Detailed guidelines were to be observed by women who had an issue of blood (Leviticus 15:18-33). For the sake of women’s health, the LORD gave instructions that applied not only to their menstrual cycles (15:20-24), but also to irregular issues of blood that might arise and she be deemed unclean (15:25-27). When a woman’s time passed, she was to present required offerings on her eighth day and be declared clean.
Why were those guidelines important? Not only for hygienic reasons, but also as a reminder to Israel that the LORD set them apart from the nations and called them to be holy (15:31).
The Day of Atonement and the Sacrifices Offered
Leviticus 16 is a crossroads in our study of the Book of Leviticus. The text moves from the descriptions of various offerings and the guidelines concerning them to the commencement of sacrificial offerings by Aaron, the high priest.
We are reminded that the office of the high priest was a holy office, and Aaron’s ministry on behalf of the people was a sacred duty. Therefore, the LORD instructed Moses, “Speak unto Aaron thy brother, that he come not at all times into the holy place within the vail before the mercy seat, which is upon the ark; that he die not: for I will appear in the cloud upon the mercy seat” (16:2).

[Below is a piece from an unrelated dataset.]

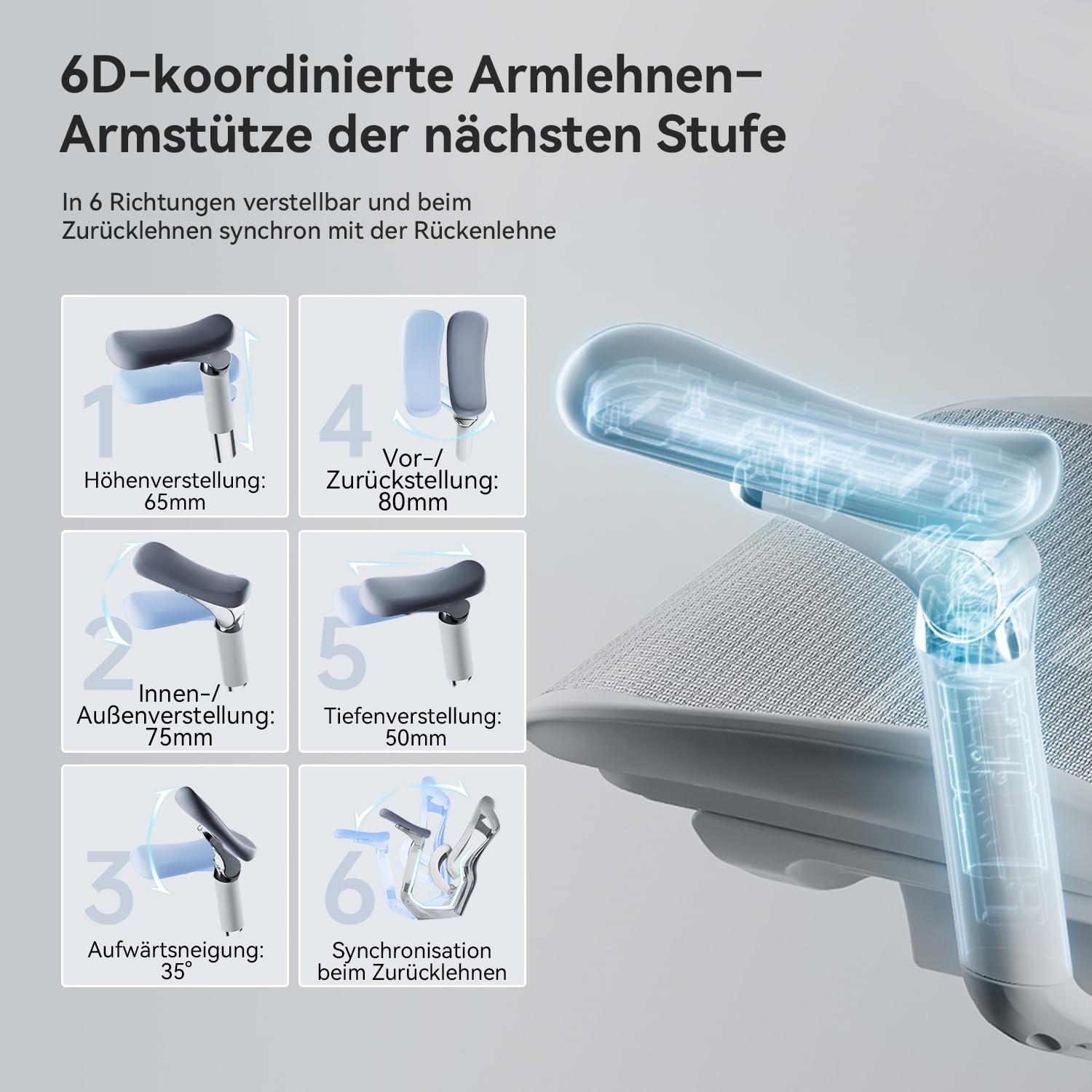 SIHOO Doro C300 Pro Ergonomischer Bürostuhl mit ultraweichen 6D-Armlehnen, dynamischer Lendenwirbelstütze, Sitztiefenverstellung und verstellbarer Rückenlehne, Schreibtischstuhl für Home Office (Weiss)

As high priest, Aaron entered the holy place, the “holy of holies,” once a year (16:2) on “the seventh month, on the tenth day of the month” (16:29). That day, known as the Day of Atonement, and as “Yom Kippur” and the “Sabbath of Sabbaths,” was the holiest day on God’s calendar. Six months after the observance of the Passover, the Day of Atonement was the day the high priest offered sacrifices for his sins (16:3, 6) and the nation’s sins (16:5, 8-10, 15a).

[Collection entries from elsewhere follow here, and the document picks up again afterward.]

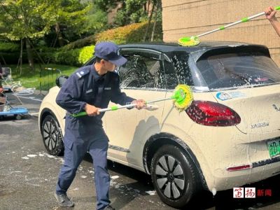 在小区车道出入口,保洁、保安、工程等多岗位工作人员联动协作,组成了一支“洗车天团”。大家分工明确,配合默契:有人手持高压水枪冲洗车身泡沫,有人用吸水毛巾仔细擦干水渍,还有人用清洁刷耐心清理车窗缝隙、轮毂等细节部位。从车身到轮毂,从车窗到边角,每一处都不放过。大家各司其职、相互补位,一辆辆沾满灰尘的车辆很快变得光亮如新。平时工作忙,根本没时间仔细洗车,物业这个活动太贴心了!”看着焕然一新的爱车,业主们纷纷为物业的暖心服务点赞。小区业主张先生已多次参加便民洗车活动,他告诉记者,去年年底准备回家过年时想好好洗个车,但洗车店普遍涨价,自助洗车驿站也排起了长队。“没想到小区物业特地全员加班,为业主提供免费洗车服务,实在是太‘香’了。”张先生笑着回忆道。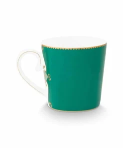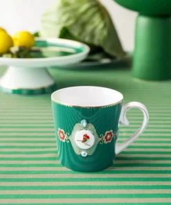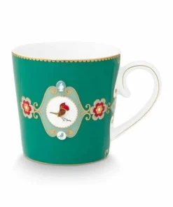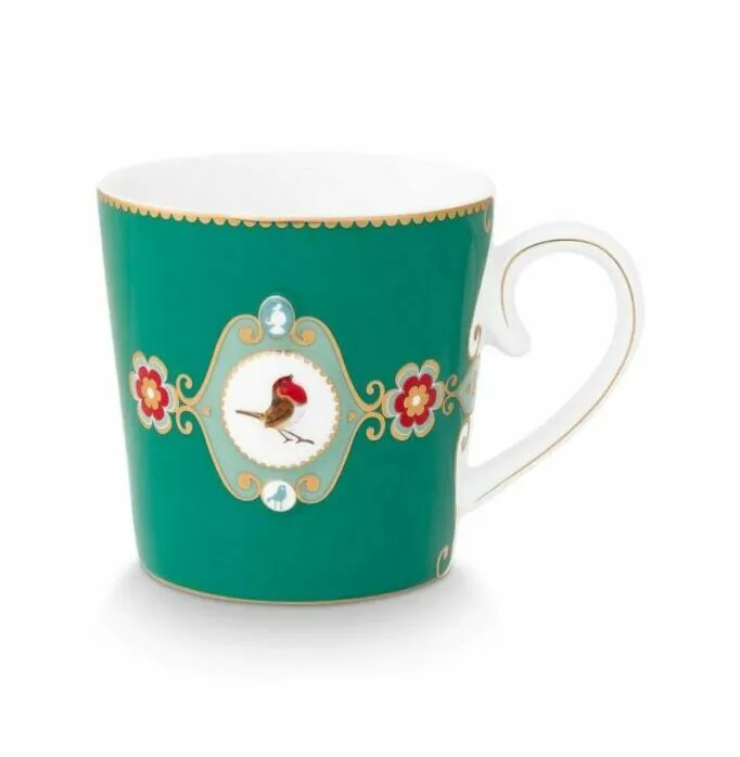 sta taza grande de porcelana verde forma parte de la colección Love Birds favorita de todos los tiempos de Pip. Decorado con una cenefa con bordes dorados. La llamativa pieza central es un petirrojo de colores brillantes. Combina maravillosamente con el resto de artículos de porcelana de esta colección.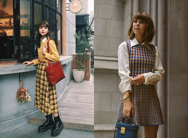 60 年代由 Mary Quant 創造出的「小女孩風格」風靡一時,這也是六零年代穿搭關鍵字,穿出「女孩感」便是製造六零風格的重要因素,連身裙與內搭衣是非常經典的穿搭方法,而現在也可以選擇格子裙來製造書卷女孩的樣子,選擇亮眼的顏色就可以複製 60 年代的活力朝氣感。

Casting lots upon the goats, the one upon which the lot fell would be offered as a “sin offering” (16:9). In contrast, the other goat would be the “scapegoat” (16:10). The high priest would first sacrifice the young bull for his sins, taking its blood and sprinkling it upon the mercy seat (16:14). He would then offer the goat that was the sin offering for the nation, and take its blood to sprinkle upon the mercy seat (16:15) as an atonement “because of their transgressions in all their sins” (16:16). The blood of the young bull, and the blood of the goat was then sprinkled upon the altar (16:18).
The live goat, identified as the scapegoat, was brought to Aaron. The Scripture says he was to lay “both his hands upon the head of the live goat and confess over him all the iniquities of the children of Israel, and all their transgressions in all their sins, putting them upon the head of the goat, and shall send him away by the hand of a fit man into the wilderness: 22And the goat shall bear upon him all their iniquities unto a land not inhabited: and he shall let go the goat in the wilderness” (16:21-22). The “fat of the sin offerings” was burned upon the altar. In contrast, the bullock and goat’s skins and flesh were burned out of the camp (16:25, 27-28).
The Day of Atonement, like the Passover, was observed annually by Israel. The pattern of blood sacrifices was a perpetual reminder that the penalty of sin is death, and there can be no forgiveness of sins apart from the shedding of blood, for “without shedding of blood is no remission” (Hebrews 9:22).
Once a year, and every year, the high priest offered sacrifices for the people’s sins until Christ was sacrificed for our sins. According to the author of the Book of Hebrews, Jesus Christ is the believer’s sacrifice and high priest (Hebrews 9:24-28) who “was once offered to bear the sins of many; and unto them that look for him shall he appear the second time without sin unto salvation” (Hebrews 9:28).